**YOUR TASK**
Copy every line of the data exactly, keeping out any picture.

BEGIN STORED DATA

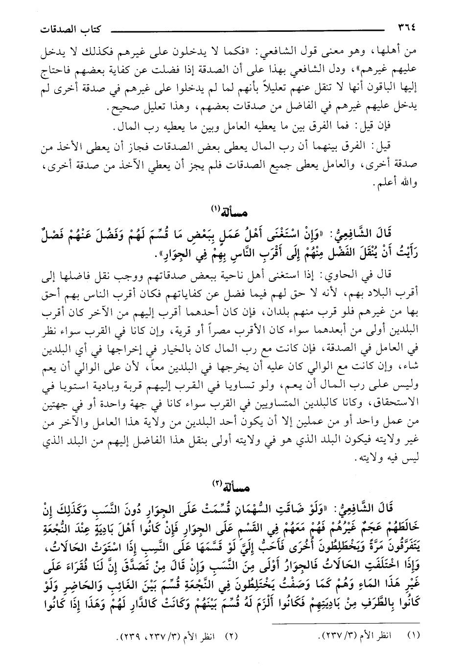 قال الشافعي: "ولو ضاقت السهمان قسمت على الجوار دون النسب وكذلك إن خالطهم عجم غيرهم فهم معهم في القسم على الجوار فإن كانوا أهل بادية عند النجعة يتفرقون مرة ويخطلطون أخرى فأحب إلي لو قسمها على النسب إذا استوت الحالات، وإذا اختلفت الحالات فالجوار أولى من النسب وإن قال من تصدق إن لنا فقراء على غير هذا الماء وهم كما وصفت يختلطون في النجعة قسم بين الغائب والحاضر ولو كانوا بالطرف من باديتهم فكانوا ألزم له قسم بينهم وكانت كالدار لهم وهذا إذا كانوا
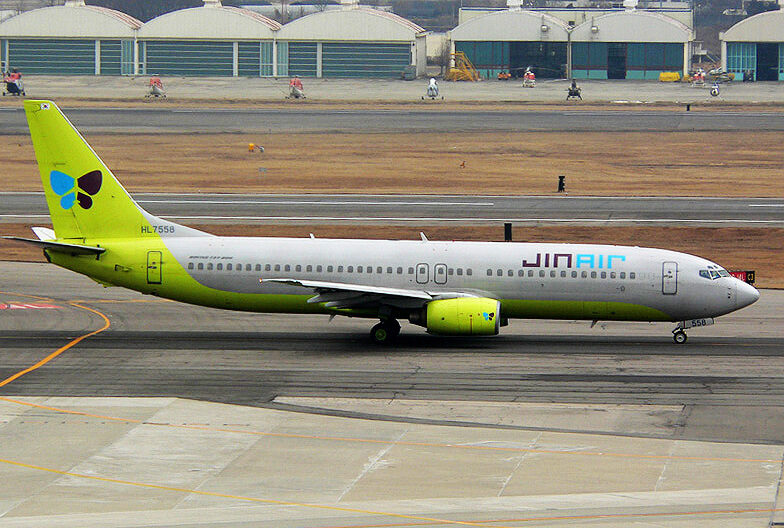 Source: https://commons.wikimedia.org/wiki/File:Jin_Air_JNA_Boeing_737-800_HL7558_at_Incheon_International_Airport_20090121.jpg /
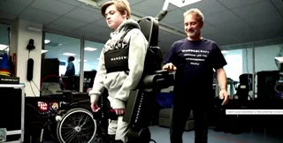 Экзоскелет, оснащенный крупной рамой крепится, к плечам, груди, поясу, коленям, стопам, что позволяет ему имитировать движения человеческого тела. Теперь 16-летний Оскар может ходить, самостоятельно встать с кресла и поворачиваться в разные стороны.
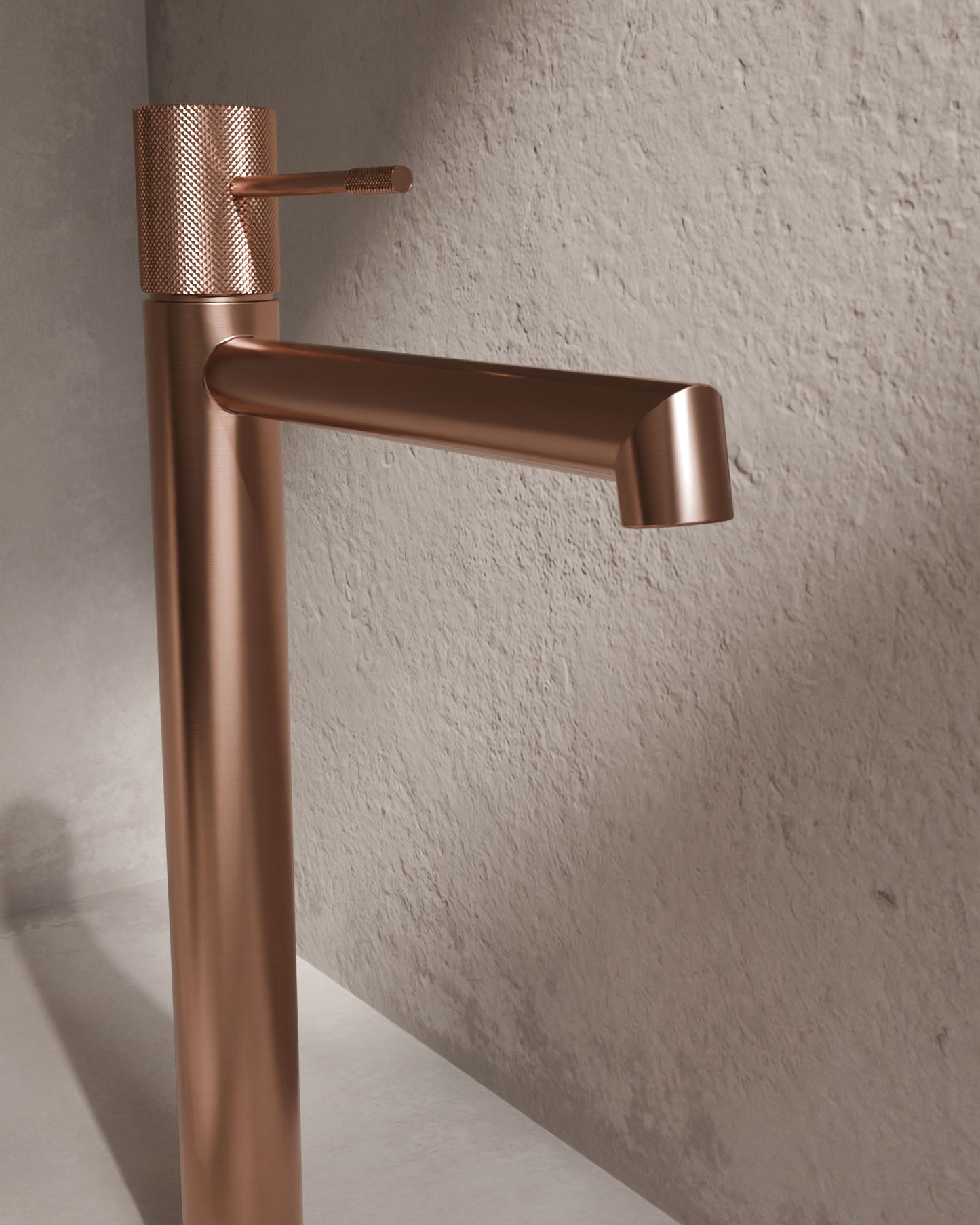 Einhebel-Waschtischarmatur im italienischen Stil mit feinem Bedienhebel und gerilltem Auslaufkopf. Elegant und vielseitig.

END STORED DATA

**ANSWER SPACE**
 قال الشافعي: "ولو ضاقت السهمان قسمت على الجوار دون النسب وكذلك إن خالطهم عجم غيرهم فهم معهم في القسم على الجوار فإن كانوا أهل بادية عند النجعة يتفرقون مرة ويخطلطون أخرى فأحب إلي لو قسمها على النسب إذا استوت الحالات، وإذا اختلفت الحالات فالجوار أولى من النسب وإن قال من تصدق إن لنا فقراء على غير هذا الماء وهم كما وصفت يختلطون في النجعة قسم بين الغائب والحاضر ولو كانوا بالطرف من باديتهم فكانوا ألزم له قسم بينهم وكانت كالدار لهم وهذا إذا كانوا
 Source: https://commons.wikimedia.org/wiki/File:Jin_Air_JNA_Boeing_737-800_HL7558_at_Incheon_International_Airport_20090121.jpg /
 Экзоскелет, оснащенный крупной рамой крепится, к плечам, груди, поясу, коленям, стопам, что позволяет ему имитировать движения человеческого тела. Теперь 16-летний Оскар может ходить, самостоятельно встать с кресла и поворачиваться в разные стороны.
 Einhebel-Waschtischarmatur im italienischen Stil mit feinem Bedienhebel und gerilltem Auslaufkopf. Elegant und vielseitig.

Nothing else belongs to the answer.